• Task prompt
Omit the pictures and return exactly the stretch of the material below from the line with "inch wet cutting" through the line with "Brown oblong advent".

----- Given records -----

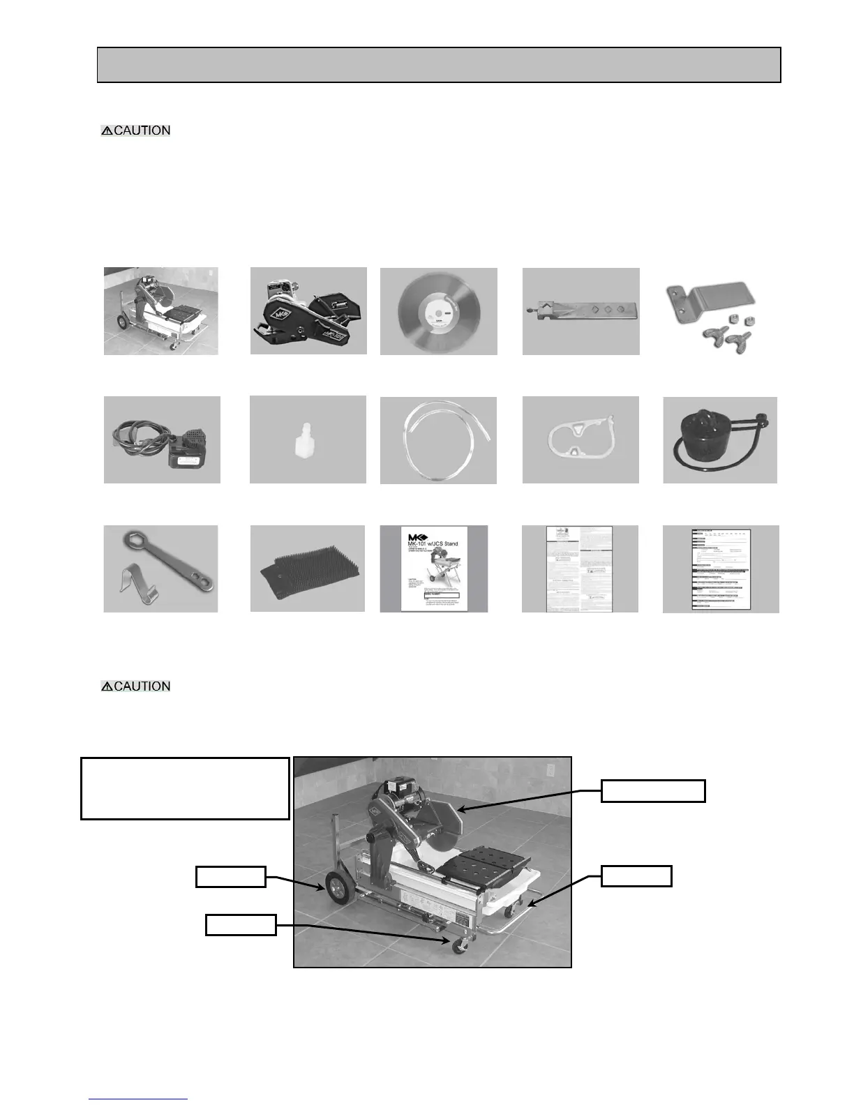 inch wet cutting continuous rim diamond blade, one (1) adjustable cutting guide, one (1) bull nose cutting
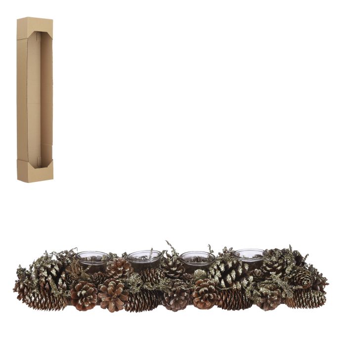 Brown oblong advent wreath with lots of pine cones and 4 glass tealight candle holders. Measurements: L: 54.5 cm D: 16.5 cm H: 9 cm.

-----
----- Given records -----

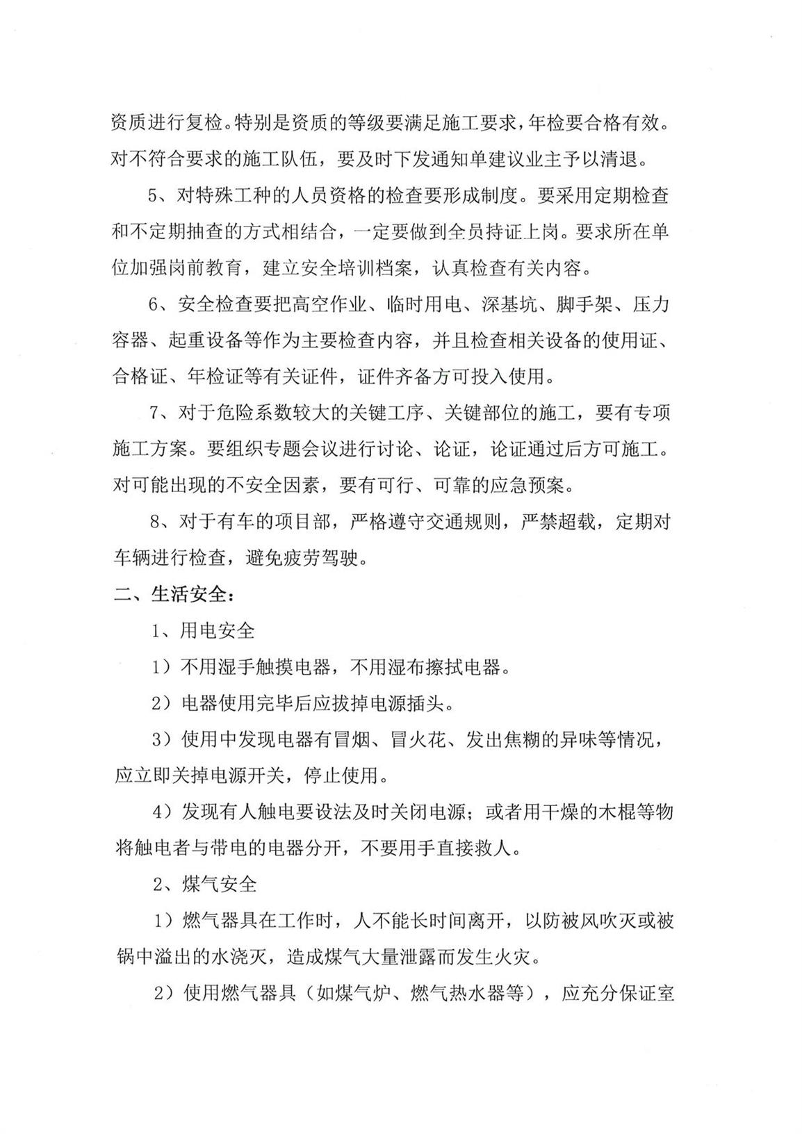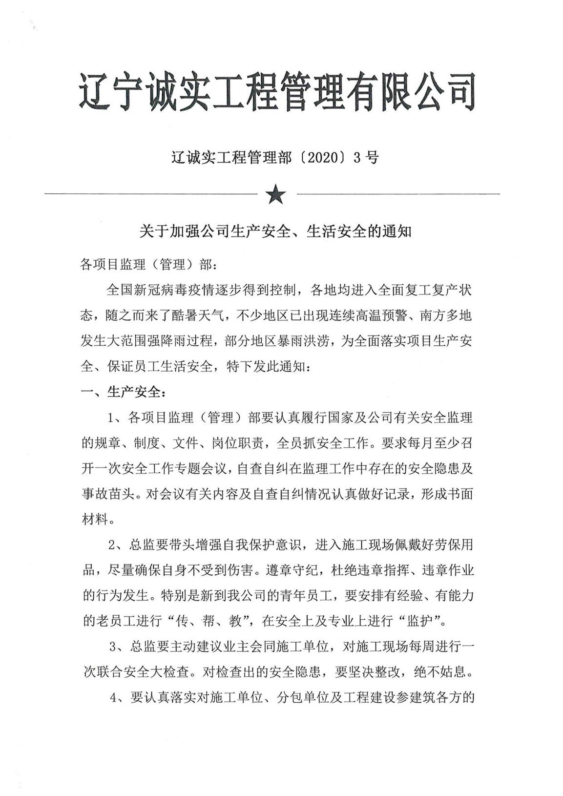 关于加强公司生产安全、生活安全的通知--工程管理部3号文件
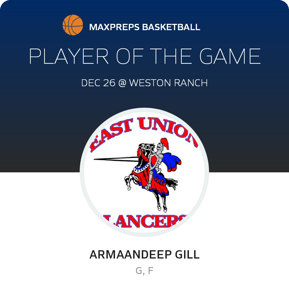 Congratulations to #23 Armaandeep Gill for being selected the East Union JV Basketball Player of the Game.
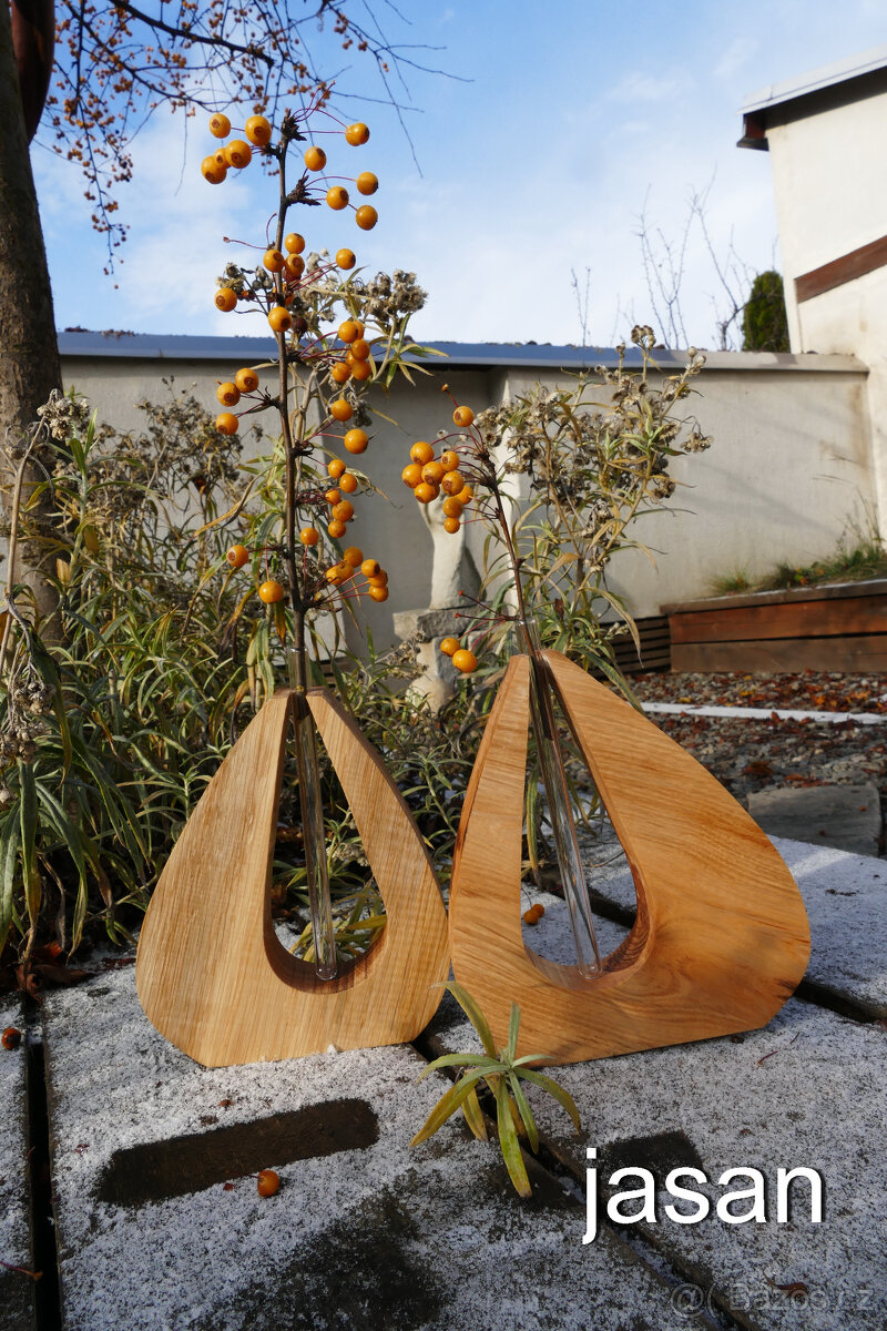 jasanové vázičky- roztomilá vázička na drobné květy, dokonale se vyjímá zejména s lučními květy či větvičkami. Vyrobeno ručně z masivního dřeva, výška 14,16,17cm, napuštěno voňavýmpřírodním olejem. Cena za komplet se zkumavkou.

-----

• Written response
 inch wet cutting continuous rim diamond blade, one (1) adjustable cutting guide, one (1) bull nose cutting
 Brown oblong advent wreath with lots of pine cones and 4 glass tealight candle holders. Measurements: L: 54.5 cm D: 16.5 cm H: 9 cm.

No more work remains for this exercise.